Start of RECORDED INFORMATION
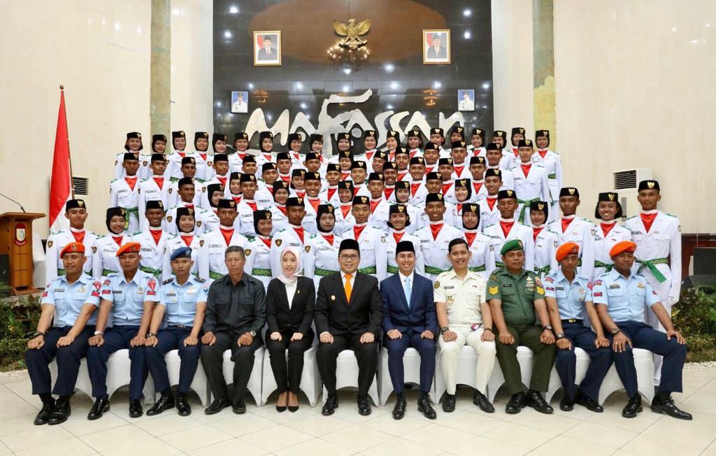 Wali Kota Makassar Danny Pomanto mengukuhkan 70 anggota Pasukan Pengibar Bendera (Paskibra) di Rumah Jabatan Wali Kota, jalan Penghibur Makassar, Rabu (16/8). Paskibra akan bertugas mengibarkan bendera merah-putih pada upacara peringatan Hari Ulang Tahun Republik Indonesia ke-72 di Lapangan Karebosi, 17 Agustus besok. Anggota Paskibra Makassar dipilih dari berbagai sekolah menengah atas di Makassar. (ARI)
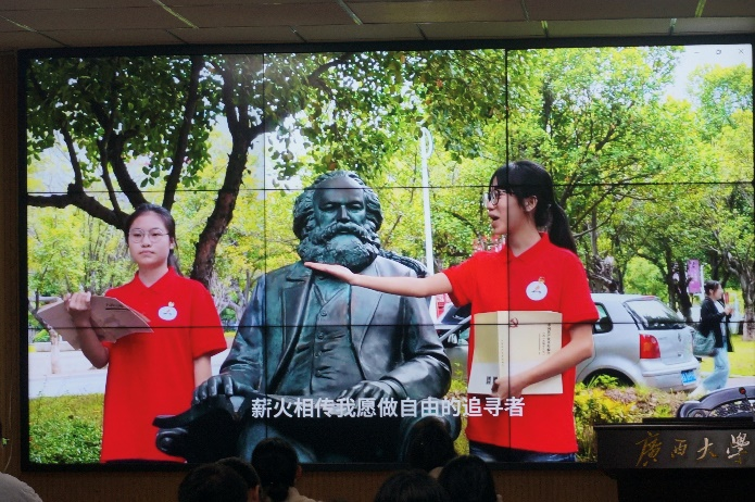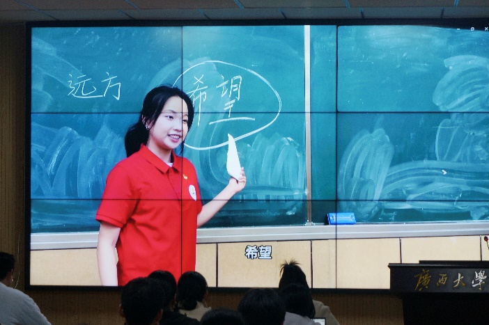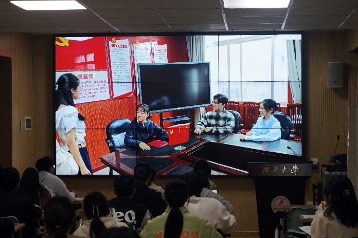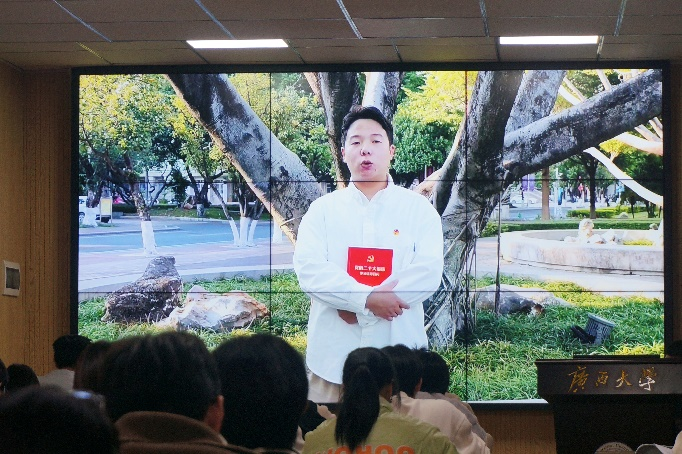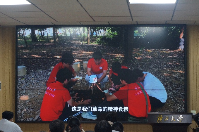 随后,入党积极分子培训班各小组依次派出学员代表进行创意介绍与视频展示。在各小组的视频中,有以经典诵读的形式展现党的创新理论的强大力量,以人物演绎的形式展现黄文秀、杨宁等时代模范人物的先进事迹,也有通过跨时空的场景演绎展现红军艰苦奋斗、牺牲奉献的革命精神,或将哲学与党的建设相结合展现共产党人追求真理的坚定信念,形式多样,寓意深刻,引人深思。
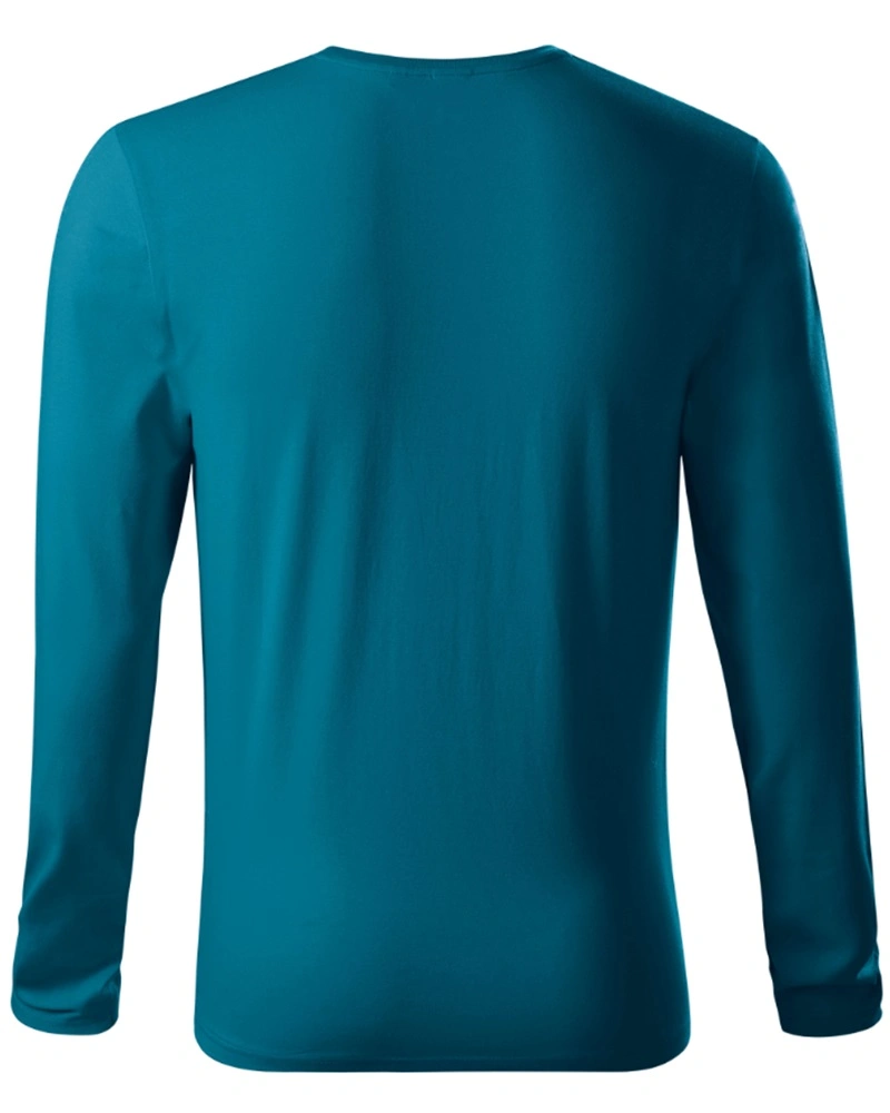 Pánské tričko s dlouhým rukávem. Přiléhavý střih s bočními švy, průkrčník lemován žebrovým úpletem 1:1. Zpevnění ramenních švů páskou.
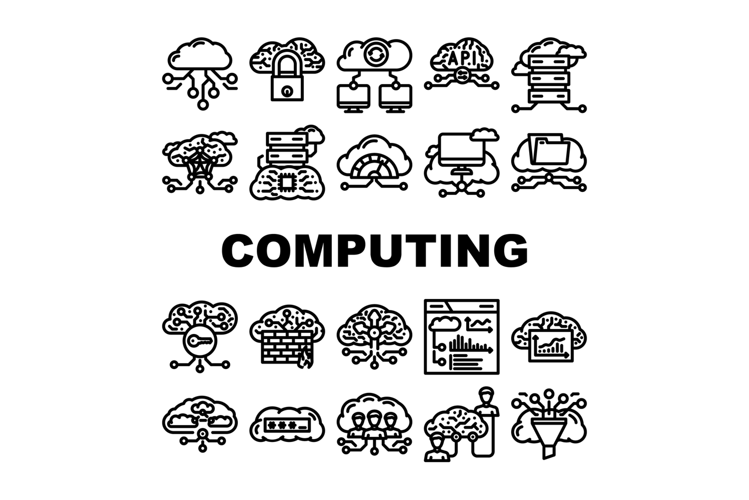 cloud computing virtualization icons set vector. scalability infrastructure, storage security, deployment automation, networking cloud computing virtualization black contour illustrations
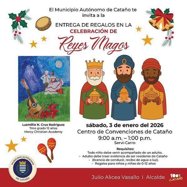 El Municipio de Cataño celebrará mañana sábado, 3 de enero, la tradicional entrega de regalos con motivo del Día de Reyes Magos, una actividad diseñada para ofrecer a las familias catañesas una experiencia organizada, segura y centrada en el bienestar de la niñez.
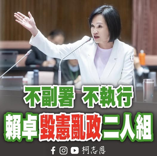 國民黨立委柯志恩十五日痛批,卓榮泰院長嗆聲面對立法院三讀通過的法律,以「不副署、不執行」的方式對抗,公然癱瘓憲政運作,卻甩鍋立法院違憲擴權,如此黑白顛倒、專斷蠻橫,更儼然形同對立法權宣戰,賴卓二人已成為毀憲亂政的罪人!
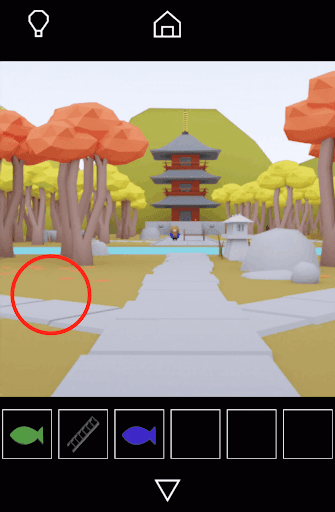 右側の灯篭を拡大する。魚の絵で確認した赤→青、青→赤、黄→緑をヒントに「緑色の魚」を灯篭の中に置く。
End of RECORDED INFORMATION
| TASK TO COMPLETE |
Write out the line that contains "國民黨立委柯志恩十五日痛批,卓榮泰院長嗆" and every line after it to the end of the data, exactly as they stand. Omit the pictures.

| REPLY TO THE EXERCISE |
 國民黨立委柯志恩十五日痛批,卓榮泰院長嗆聲面對立法院三讀通過的法律,以「不副署、不執行」的方式對抗,公然癱瘓憲政運作,卻甩鍋立法院違憲擴權,如此黑白顛倒、專斷蠻橫,更儼然形同對立法權宣戰,賴卓二人已成為毀憲亂政的罪人!
 右側の灯篭を拡大する。魚の絵で確認した赤→青、青→赤、黄→緑をヒントに「緑色の魚」を灯篭の中に置く。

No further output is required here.